Example:Oracle,Microsoft SQL SERVER,Sybase,DB2,Informix,Postgress SQL

3.High range DB:

Can organized and managed Tera bytes and Peta Bytes of information

Example:Teradata,Netezza,GreenPlum,Hadoop.

Storage point of view data base categorized in to two types.


1.NFS-Normal File storage

2.DFS-Distributed File storage

Data storage Patterns:

There are two types of data storage patterns which are supported by relational DB

1.NFS-Normal File storage

2.DFS-Distributed File storage

NFS-Normal File storage:

1.Single Disk for storing the data

2.Shared every thing architecture(data shared in single disk)

3.Data reads in Sequential

4.All Mid range DB are developed on platform of NFS.
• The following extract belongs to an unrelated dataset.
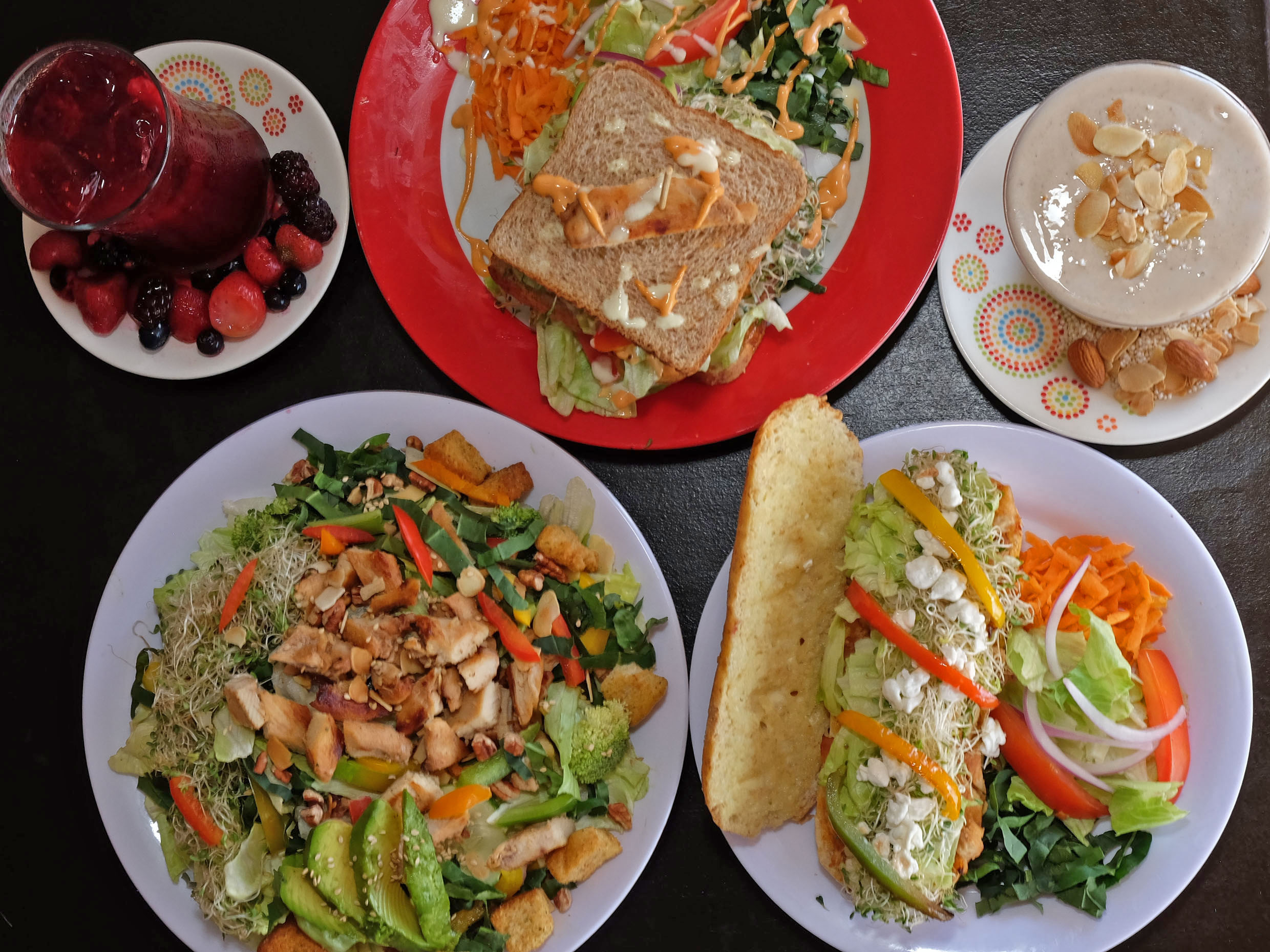 pechuga marinada,lechuga,germinado,cebolla,jitomate,aguacate,aderezos de la casa.

5.Limit scalability or expansion

6.Strongly recommended for OLTP applications

7.Recomended for data warehousing for small and medium scale enterprises with storage capacity of
gigabytes

8.default processor in NFS is only one

9.Disk cant scalable in NFS

Example:Oracle,Sybase,SQL server,DB2,Redbrics,Informix,Postgress SQL

Note:Processor is a S/W component run as .exe

DFS-Distributed File Storage:

1.Multiple disks for storing the data

2.Storing nothing architecture (every processor has dedicated memory& disk that is not shared by
another processor)

3.Data reads in parallel(supports parallelism)


4.Unlimited Scalability

5.Designed only for Building Enterprise data warehouse but not for OLTP

Example:Teradata,Netteza,Hadoop,green plum

Enterprise DWH database Evaluation:

1.Data base that supports enormous storage capacity(Billions of rows and Tera bytes)

2. DB that supports distributed file storage pattern

3.DB that supports nothing architecture

4.Database that supports unlimited scalability(expansion)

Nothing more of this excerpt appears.